Separate egg whites and yolks. Add sugar to the yolks and stir until frothy. Add oil and water. Mix flour with baking powder, add it to the yolks. Beat egg whites into snow, add it to the mixture. Divide it into two separate mixture, in one add cocoa. Or less complicated, just add cocoa without separating. Bake in a rectangular and thin cake pan, (you'll need two biscuits so your goal is to make it all at once) at 180 Celsius or 356 degrees for 10-15 minutes. When it's done, cut circles with molds or anything you have (I use small cup). 

*Cream:*

- 1 vanilla (or if you prefer chocolate) powder pudding
- 350 ml (1.4 of cup) of milk 
- 100 g (3.52 oz.) of sugar (I always put less sugar that it's in the recipe)
- 1 vanilla sugar
- 200 g (7 oz.) of butter
- 100 g (3.52 oz.) of coconut flour 

Mix pudding with sugar, vanilla sugar, and cook with milk. Let it cool, mix butter. 

Take one "circle", spread cream onto it, and cover with the other circle. Spread creme all over its sides, leaving top and bottom "creamless" :grin: Roll into coconut flour, let it stick. When done, make a glaze/frosting.

*Glaze:*

- 100 g (3.52 oz.) of dark cooking chocolate
- 3 spoons of oil (glaze will be all shiny)

Melt chocolate, let it cool a little, spread on the top of the "hat".


----------



## popsprocket (Jun 12, 2014)

Oh man, I didn't mean we needed this thread _right now _

I don't have any pretty pictures to contribute because I just cleaned out my phone's photo gallery of everything except fluffy dog pictures.


----------



## Freezeblink (Jun 12, 2014)

Everything I've baked has been a box mix, so not much I can contribute here. But I'm certainly interested in learning some new recipes.

Something interesting I have learned lately as well. I know someone that baked a cake with cupcakes inside of it. Apparently if you bake cupcakes, then place the cooked cupcakes within cake batter and cook the cake you can get get cake within cake.

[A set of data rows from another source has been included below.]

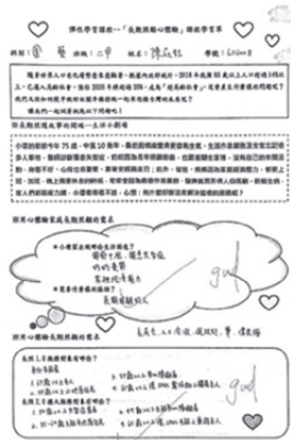
圖13 長期照顧心體驗學習單
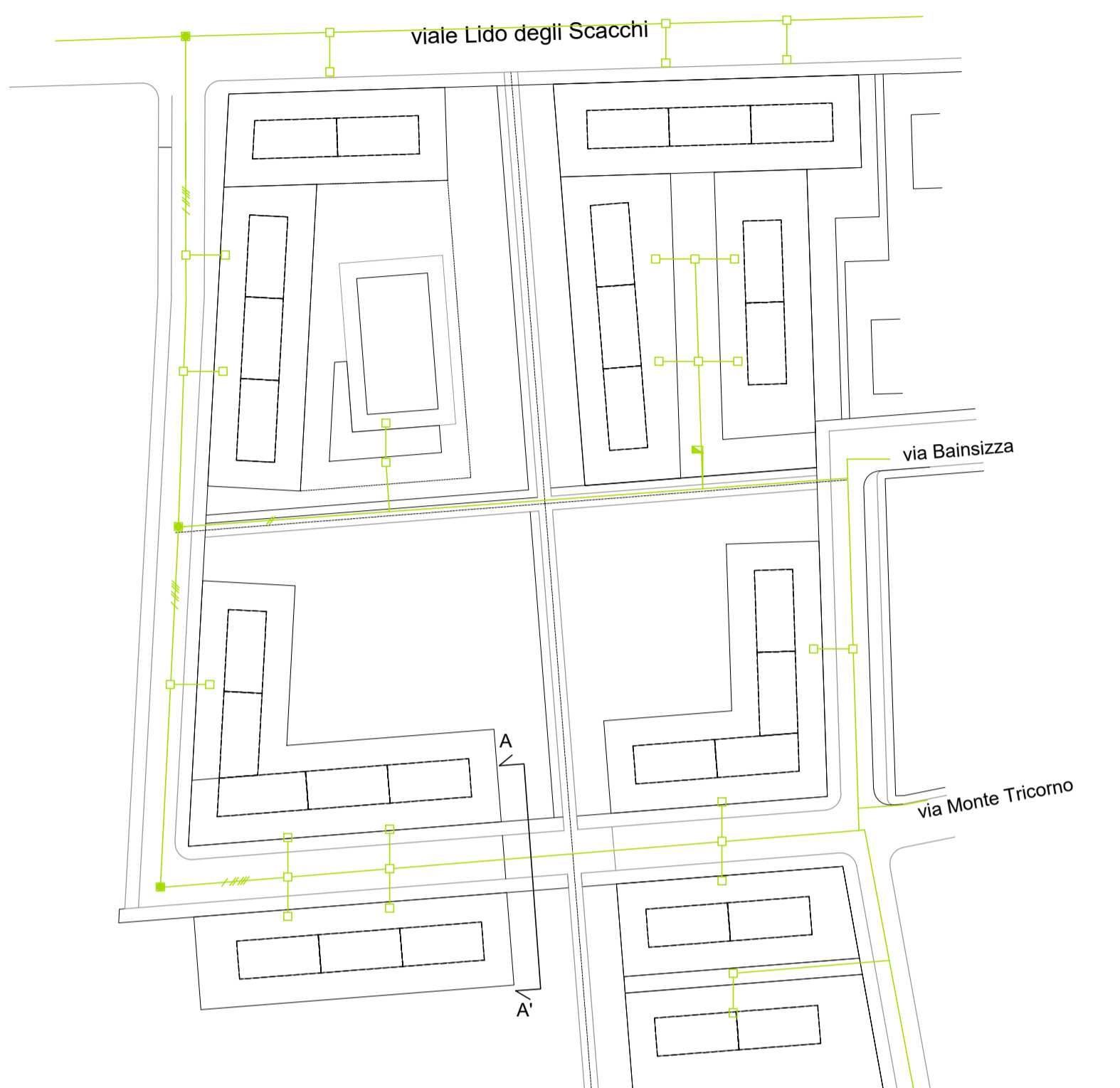
RETE ENEL scala 1:2000
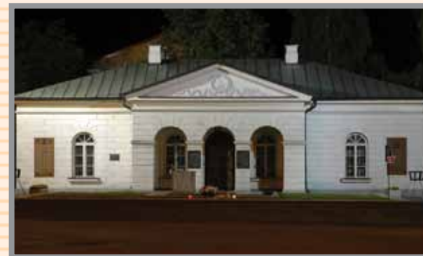
Przed Odwachem znajduje się Płyta Nieznanego Żołnierza

Odwach d. wartownia z 1837 r. , ul. Tumaska 4 , tel.: (24) 262 26 00 - siedziba PTTK .
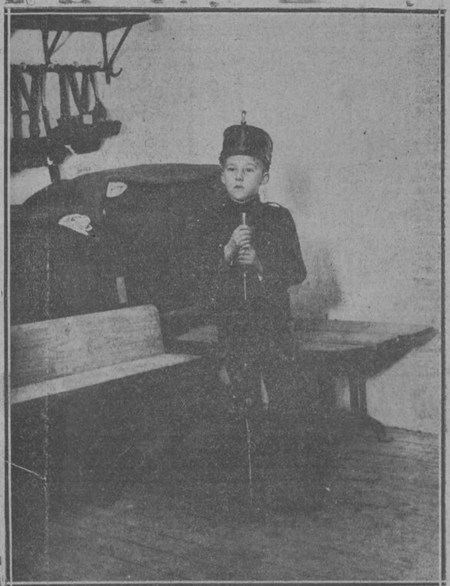
UN RETRATO DE ACTUALIDAD.—Su Alteza Real el infante don Gonzalo vestido de soldado del regimiento del Rey.

El comandante de Marina de Castellón se ha trasladado inmediatamente al Grao, ordenando que el vapor danés «Esland» salga en auxilio del «Mamantios Lenos».
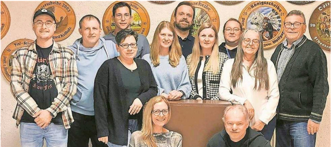
Die Theatergruppe Oberkrumbach.

KOMÖDIE Die Laienschauspieler der Oberkrumbacher Schützen treffen mitten ins Zwerchfell.
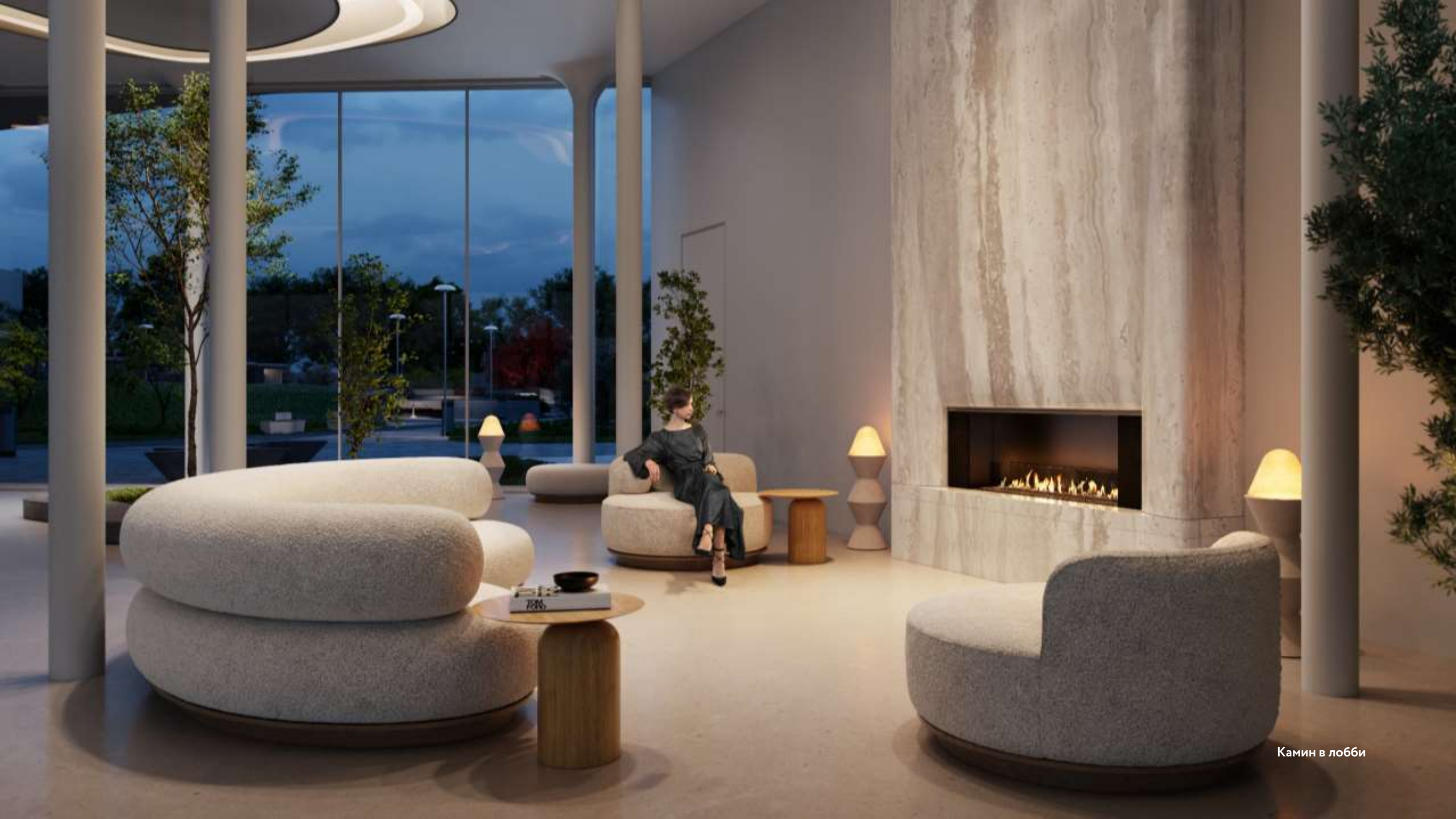
Камин в лобби
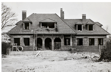
Commune de Fontaine-sur-Somme. Reconstruction de la maison De Santeul par Jean Hubert photographe à Amiens, 1er avril 1953 (AD Somme ; 1272 W 515).

Repro. Thierry Lefébure IVR32_20248000045NUCA
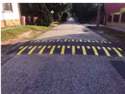
Az Új utcai fekvőrendőr sárga csikkokkal

Tavasszal megtörtént a szokásos évi kátyúzás is, az útjavítási munkálatokra az önkormányzat idén tavasszal 800 ezer forintot költött. Az Új utcába pedig forgalomlassító küszöböt telepítettek.
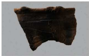
7 1-6出土土器 (第355图206)
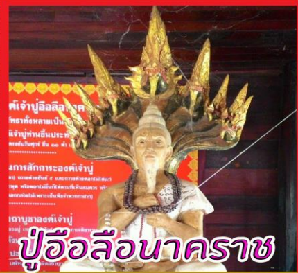
พระอัฐนาคราช
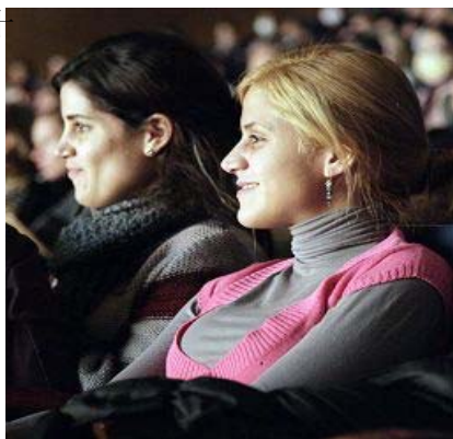
二零零九年六月二十八日，阿根廷首都布宜诺斯艾利斯市第二场神韵晚会的观众

二零零九年六月二十八日和二十九日，神韵巡回艺术团在阿根廷首都布宜诺斯艾利斯市 Auditorio Belgrano 剧院上演了第二场和第三场演出，神韵巡回艺术团精湛的表演，赢来阵阵掌声和喝彩声。现场的中、西方观众热情洋溢，毫不掩饰对演出的喜爱之情，演出中，叫好声不绝于耳。
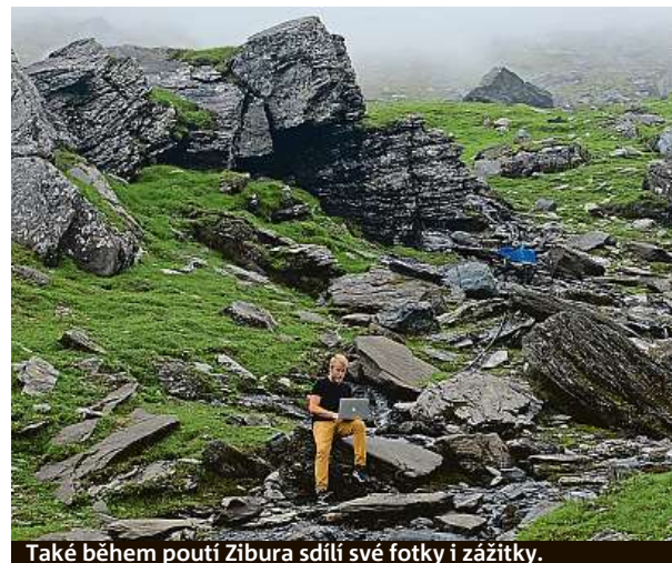
Také během poutí Zibura sdílí své fotky i zážitky.

Jasně a také mě čtou. Na začátku byli moje publikum vy-
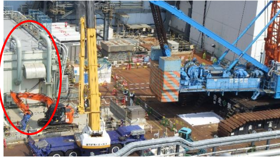
(写真2-1) 6月6日撮影 丸印部分にいくつかの工作物がある
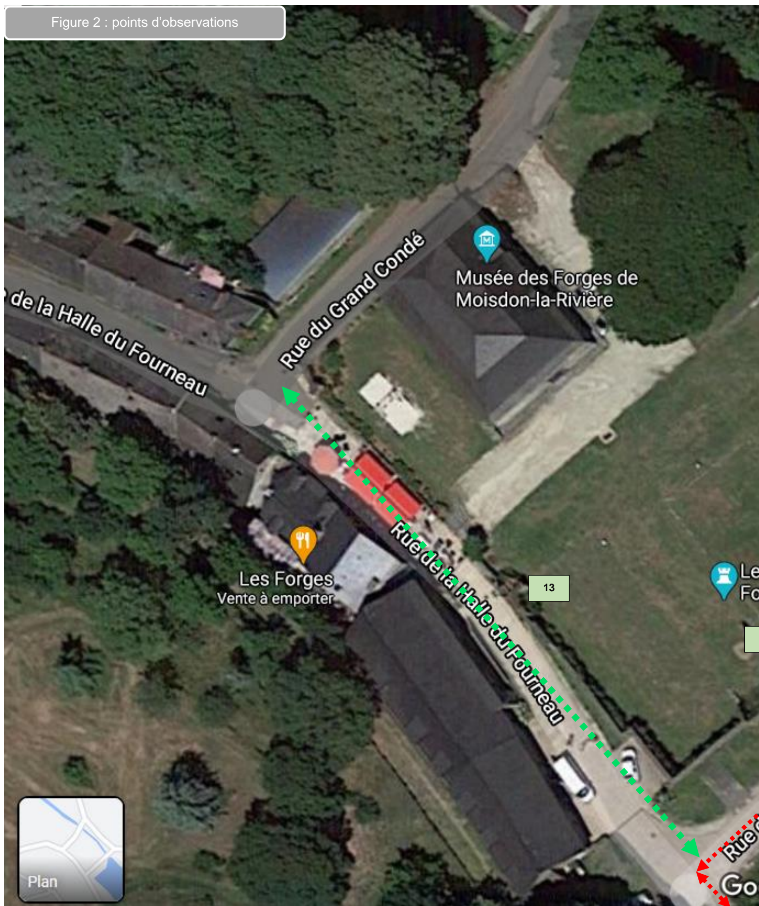
Figure 2 : points d'observations
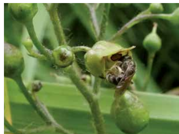
Een groefbij op knopig helmkruid op het depotterrein achter De Waterkant

In tuinen is altijd goed waar te nemen dat knopig helmkruid gemakkelijk hommels aantrekt. Ook honingbijen komen er volop nectar puren. De nectariën lijken voor een grote, constante aanvoer te zorgen, waarbij het grootste deel van het bezoek 's ochtends langskomt. Het bezoek van solitaire wilde bijen is minder, met uitzondering van het uitgebreide geslacht van geurgroefbijen ( Lasioglossum en Halictus ).
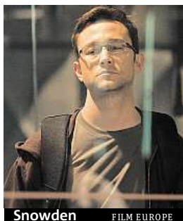
Snowden FILM EUROPE

firmy jako Facebook, Google nebo Apple. Za tento čin mu v USA hrozí pronásledování a exemplární tresty; v srpnu 2013 obdržel v Rusku statut uprchlíka a čerpá dočasný roční azyl následně prodloužený na tříletý. Snowden nyní hledá trvalý azyl v 21 zemích. Premiéra: 10. listopadu
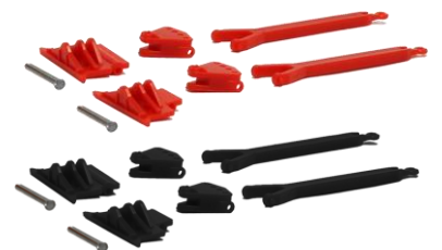
Zug- und Schubeinrichtung (2 Stück) 692517 (weiß) 2,60 / 692518 (rot) 2,60 692525 (schwarz) 2,60
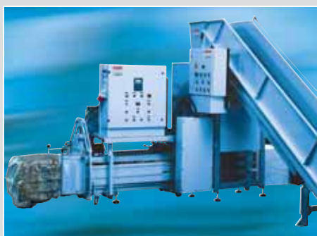
Système de recyclage HSM DuoShredder 5540.2 avec presse à balles HSM KP 98
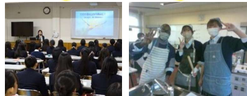
☆ 韓国の講師の方による「異文化理解講座」
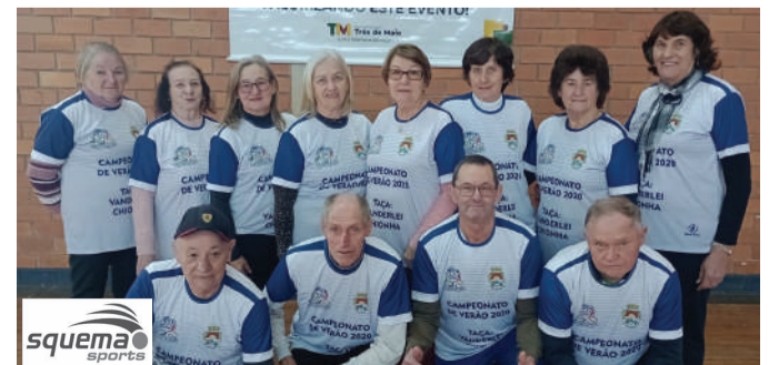
Equipe Esperança de Boa Vista do Buricá, terceiro lugar
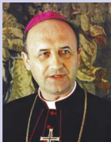
+ JAN GRAUBNER, arcibiskup duchovní rádce Orla

pro mladé lidi utopené v kultuře, která je neúnavně poučuje, že mají jít za bezprostředním uspokojením. Ukazuje na velké křesťany jako modely pravého života. Její poselství? Bud' můžete usilovat stát se jedním z nich – budovatelem civilizace, velkým geniem, služebníkem Boha i lidí, odhodlaným misionářem, nebo můžete být sebestřednými nulami, lpicími na uspokojení své chuti. Naše společnost dělá vše pro to, abyste se vydali tou druhou cestou. Osvoďte člověka v sobě. Pozvedněte se nad stádo, vyhlaste svou nezávislost na kultuře, která si o vás myslí tak málo, a prohlaste, že miníte žít nikoli jako zvěř.

It turned out quite good and surprisingly enough the cupcakes inside the batter did not dry out after being in the oven twice.


----------



## Schrody (Jun 12, 2014)

Brownies

My friend sent me a picture of the recipe because he was too lazy to write it by hand, so I'm giving you a pic, 'cos I'm lazy too :mrgreen:


----------



## popsprocket (Jun 12, 2014)

Boooo that's the worst brownie recipe I've ever seen 

Best Brownies Ever: popsprocket's Perfected Recipe

200g dark chocolate (NOT the most expensive chocolate you can buy, it's not necessarily the case that the better the chocolate the better it will taste. Cooking chocolate usually works best)
140g butter
200g brown sugar
2 eggs
1 egg yolk
1 tsp vanilla extract
85g plain flour

Melt butter and chocolate together in the microwave or on a double boiler. Stir in brown sugar and allow the mixture to cool a little. Add eggs one at a time, mixing thoroughly after each addition. Add the egg yolk and mix in. Add vanilla extract and flour. Mix it all through and pour batter into a prepared (buttered and floured with a piece of baking paper cut out to fit the bottom) brownie pan. Bake at 160C for 40 minutes.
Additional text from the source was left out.